Chicago Public Library Nourishes Young Minds with Technology

The Chicago Public Library has unveiled a Maker Lab for 3D design and printing at the Harold Washington branch downtown.

The Maker Lab is a partnership with the Museum of Science and Industry and Inventables — a Chicago-based company that sells materials for manufacturing and design.

The new Lab at Harold Washington Library includes 3D engineering software, 3D printers, and free workshops on designing products in the lab.  The Lab is located in one of the smaller rooms on the third floor of the building in a space that, in the past, has usually held small photo galleries of collections of historic books.

Now, the space is filled with rows of computers, several 3D printers, and a large worktable showcasing some designs that have been printed in plastic.  If you sign up for a workshop online, you can create a design on the lab’s computers with open source software like Inkscape or SketchUp and then make your creation reality with the help of the Lab’s staff.
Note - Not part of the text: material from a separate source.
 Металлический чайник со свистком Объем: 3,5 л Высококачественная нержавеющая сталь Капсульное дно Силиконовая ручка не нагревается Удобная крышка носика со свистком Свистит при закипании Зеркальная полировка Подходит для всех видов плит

The Maker Lab is part of a larger plan to integrate the Chicago Public Library system with Chicago’s tech scene, says Andrea Seanz, First Deputy Commissioner of Chicago Public Library.  The Harold Washington branch, which is the system’s central branch, is located in the South Loop and surrounded by universities, residential buildings and the historic Printers Row neighborhood.
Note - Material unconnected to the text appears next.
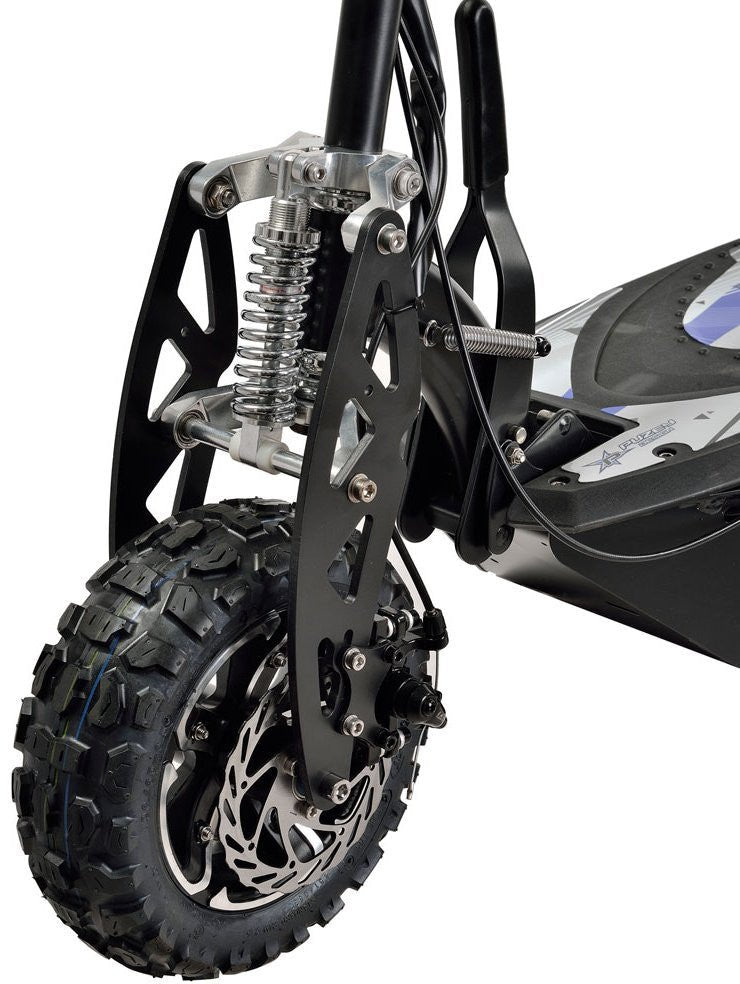 Comes standard with a quick release seat, foldable locking frame, front and rear lights, large 12" knobby onroad/offroad tires and key ignition, this scooter does not disappoint!

The area’s community organizations, like the Near South Planning Board, want the South Loop to be a thriving business area as well.  Andrea Seanz shares this desire to bring learning opportunities to the library that will benefit the community as a whole and even help stimulate business.  The Maker Lab is only at the Harold Washington branch now, but the innovation initiative may reach other branches as well.

The Maker Lab was built partly because the library “should be a place to test new ideas,” says Seanz.  Seanz wants the Harold Washington branch to serve not only as a public library but as a community space that stimulates minds and promotes local business through collaborative learning and innovation.

Other innovation experiments are kicking off Harold Washington, like hosting three so-called Geeks in Residence from Public Good Software who will offer on-site advice on creating technology and starting a business.  A Girls Who Code group is also in the works.  Beyond the walls of Harold Washington, the library system’s website may be enhanced this fall with new social capabilities that will allow patrons to rate and review what they borrow and interact online.

Harold Washington Library’s existing community space for technology, the YouMedia Lab, is a space for youth interested in learning about and creating media in a collaborative environment. Now, with the Maker Lab, there is a space for library patrons of all ages to interact around product design and manufacturing and take part in a learning community centered on technology and business.

We want all of our branches to serve as access points to the tech sector in Chicago,” says Seanz.  The city is committed to growing the tech sector and we see the library as a place where people can become exposed to the resources available, the ideas, and the business development opportunities.

“And for people who have beginner tech skills, the library is an access point to the digital world.”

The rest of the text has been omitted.